Кристина глубоко вздыхает, признательная тете. Спрятаться на час за закрытой дверью - значить выиграть целый час.
- Ну, как она тебе понравилась? - спрашивает, едва войдя в номер, тетя своего Энтони, который уже на ходу расстегивает пиджак и жилетку.
- Очень мила, - зевает дородный супруг, - милое венское лицо... Передай-ка мне подушку... В самом деле, очень мила и скромна.

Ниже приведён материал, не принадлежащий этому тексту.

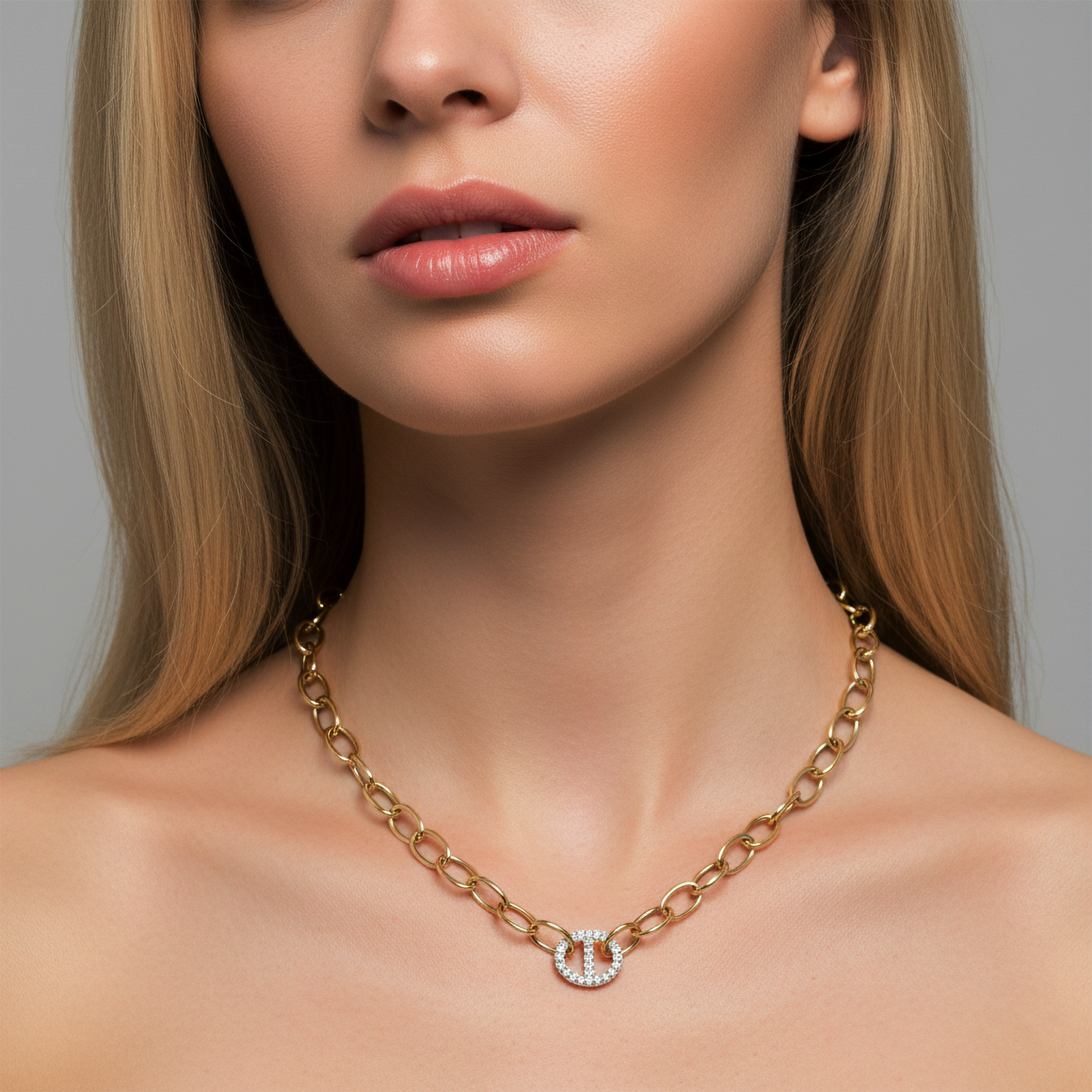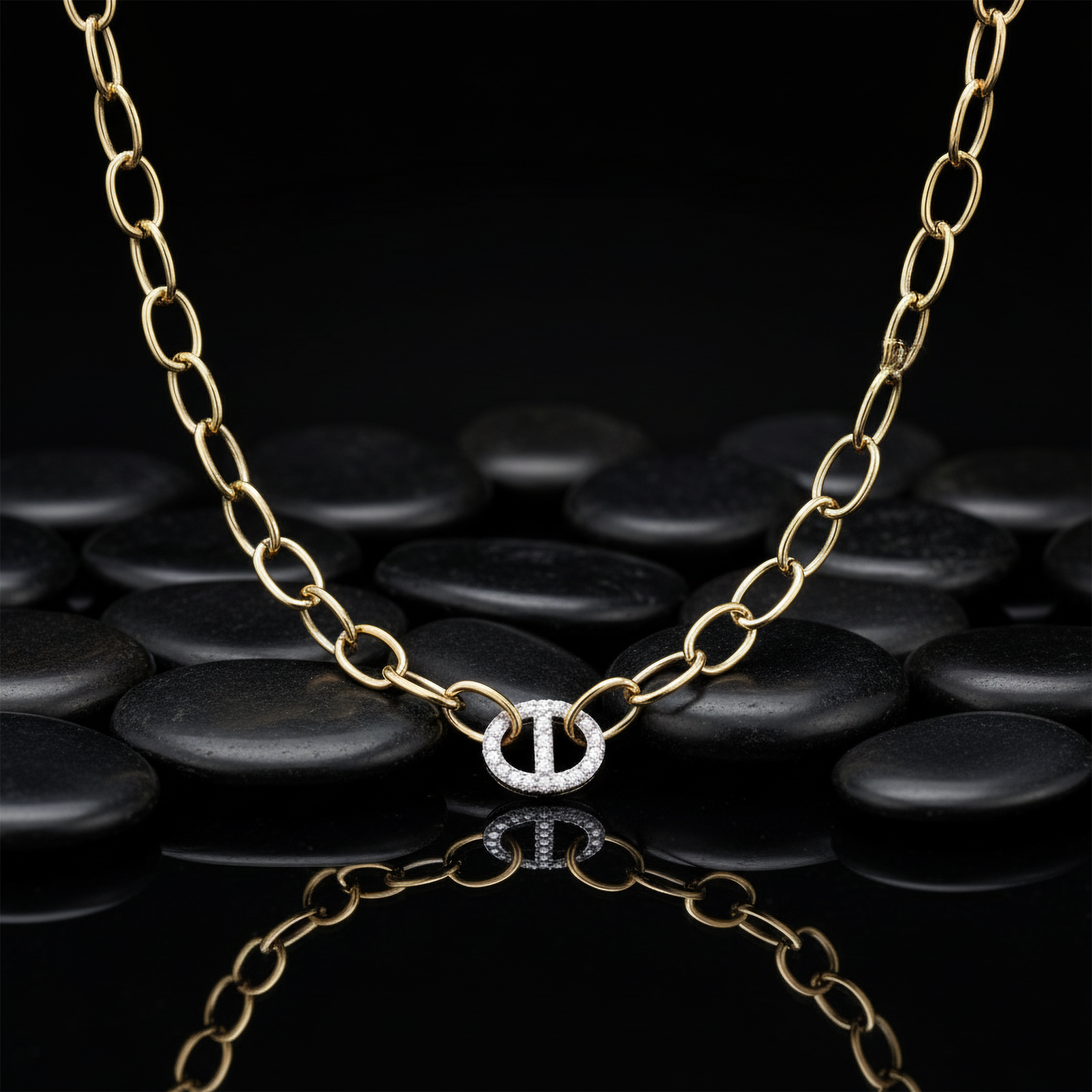 Diamond Link Pendant 14K (or 18k upon request) Yellow Gold Chain Necklace

Только - I think so at least*1 - я нахожу, что она бедновато одета... ну... не знаю, как это выразить... у нас такого вот уже давно нет... и если ты решишь представить ее здесь Кинсли и другим как нашу племянницу, ей следовало бы, пожалуй, одеться более презентабельно... Не могла бы ты выручить ее своим гардеробом?
_______________
*1 По крайней мере мне так кажется (англ.).
_______________
- Видишь, у меня уже ключ в руке. - Госпожа ван Боолен улыбается.

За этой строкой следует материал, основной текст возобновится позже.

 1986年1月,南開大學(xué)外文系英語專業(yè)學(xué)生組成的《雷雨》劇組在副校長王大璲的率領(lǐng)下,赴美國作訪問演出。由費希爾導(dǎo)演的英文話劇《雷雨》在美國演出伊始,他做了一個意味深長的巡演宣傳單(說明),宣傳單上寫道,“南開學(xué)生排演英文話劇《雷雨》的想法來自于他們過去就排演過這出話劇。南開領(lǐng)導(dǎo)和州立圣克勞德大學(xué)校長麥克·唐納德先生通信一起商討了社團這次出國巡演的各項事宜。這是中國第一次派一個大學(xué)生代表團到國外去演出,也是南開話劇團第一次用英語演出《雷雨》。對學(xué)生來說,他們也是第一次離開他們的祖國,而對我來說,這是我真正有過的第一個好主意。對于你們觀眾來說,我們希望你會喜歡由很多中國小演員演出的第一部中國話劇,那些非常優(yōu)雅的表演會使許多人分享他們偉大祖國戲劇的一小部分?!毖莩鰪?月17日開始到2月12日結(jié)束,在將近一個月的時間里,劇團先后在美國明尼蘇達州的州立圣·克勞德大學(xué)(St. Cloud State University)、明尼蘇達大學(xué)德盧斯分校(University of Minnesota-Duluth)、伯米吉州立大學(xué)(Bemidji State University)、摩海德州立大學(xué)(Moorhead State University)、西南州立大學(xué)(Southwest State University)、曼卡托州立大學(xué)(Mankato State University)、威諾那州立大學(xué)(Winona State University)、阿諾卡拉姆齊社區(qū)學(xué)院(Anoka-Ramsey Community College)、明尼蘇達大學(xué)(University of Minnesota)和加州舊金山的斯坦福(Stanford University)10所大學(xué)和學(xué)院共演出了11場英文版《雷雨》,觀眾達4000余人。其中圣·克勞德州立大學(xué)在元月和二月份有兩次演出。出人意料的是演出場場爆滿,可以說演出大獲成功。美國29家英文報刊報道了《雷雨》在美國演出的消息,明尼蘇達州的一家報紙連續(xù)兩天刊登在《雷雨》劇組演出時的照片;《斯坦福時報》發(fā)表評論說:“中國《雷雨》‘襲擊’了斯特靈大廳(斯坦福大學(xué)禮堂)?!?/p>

- Я сама перепугалась, когда увидела ее среди приехавших, еще там, во дворе... да, зрелище весьма компрометирующее. А ведь ты не видел ее пальто яичный желток, великолепный экземпляр, специально для лавки индейских диковинок... Бедняжка, если б она знала, какой провинциальный у нее наряд, ах, господи, откуда ж ей это знать... ведь все они там, в Австрии, совершенного down*2 из-за этой проклятой войны, ты же сам слышал, что она рассказывала, - дальше трех миль за Вену еще ни разу е выезжала, никогда не бывала среди людей... Poor thing*3, сразу видно, что ей здесь не по себе, ходит совсем запуганная... Ладно, так и быть, обряжу ее как полагается, привезла я сюда достаточно, а чего не хватит, куплю в английской лавке; никто ничего не заметит, да и почему бы ей не поблаженствовать разок недельку-другую, бедняжечке.
_______________
*2 Разорены (англ.).
*3 Бедняжечка (англ.).
_______________
И пока утомленный супруг погружается на оттоманке в дрему, она производит смотр двум большим кофрам, возвышающимся в прихожей, словно кариантиды, чуть не до потолка. За две недели в Париже госпожа Ван Боолен отдала должное не только музеям, но в немалой мере и дамским портным: в ее руках шелестит крепдешин, шелк, батист, она вытаскивает одну за другой дюжину блузок и платьев, щупает, прикидывает на свет и на вес, пересчитывает, вешает обратно; ее пальцы обстоятельно, но не без удовольствия прогуливаются по переливчатым и черным, нежным и плотным тканям и платьям, прежде чем она решается, что уступить Кристине. Наконец на кресле вырастает радужный пенистый холмик из тонких платьев, чулок и белья; весь этот почти невесомый груз она поднимает одной рукой и несет в номе к племяннице. Тихонько отворив дверь, тетя входит, однако в первый момент ей кажется, что комната пуста. Окно распахнуто, в креслах никого, за письменным столом тоже; она собирается положить вещи на стул, как вдруг обнаруживает Кристину спящей на кушетке. С непривычки и от смущения девушка пила вино торопливо, а дядя, добродушно посмеиваясь, подливал и подливал ей в бокал, и вот голова у нее странно отяжелела. Кристина было присела на кушетку, чтобы подумать, поразмышлять обо всем, но вскоре сонливость мягко склонила ее к подушкам, и она незаметно уснула.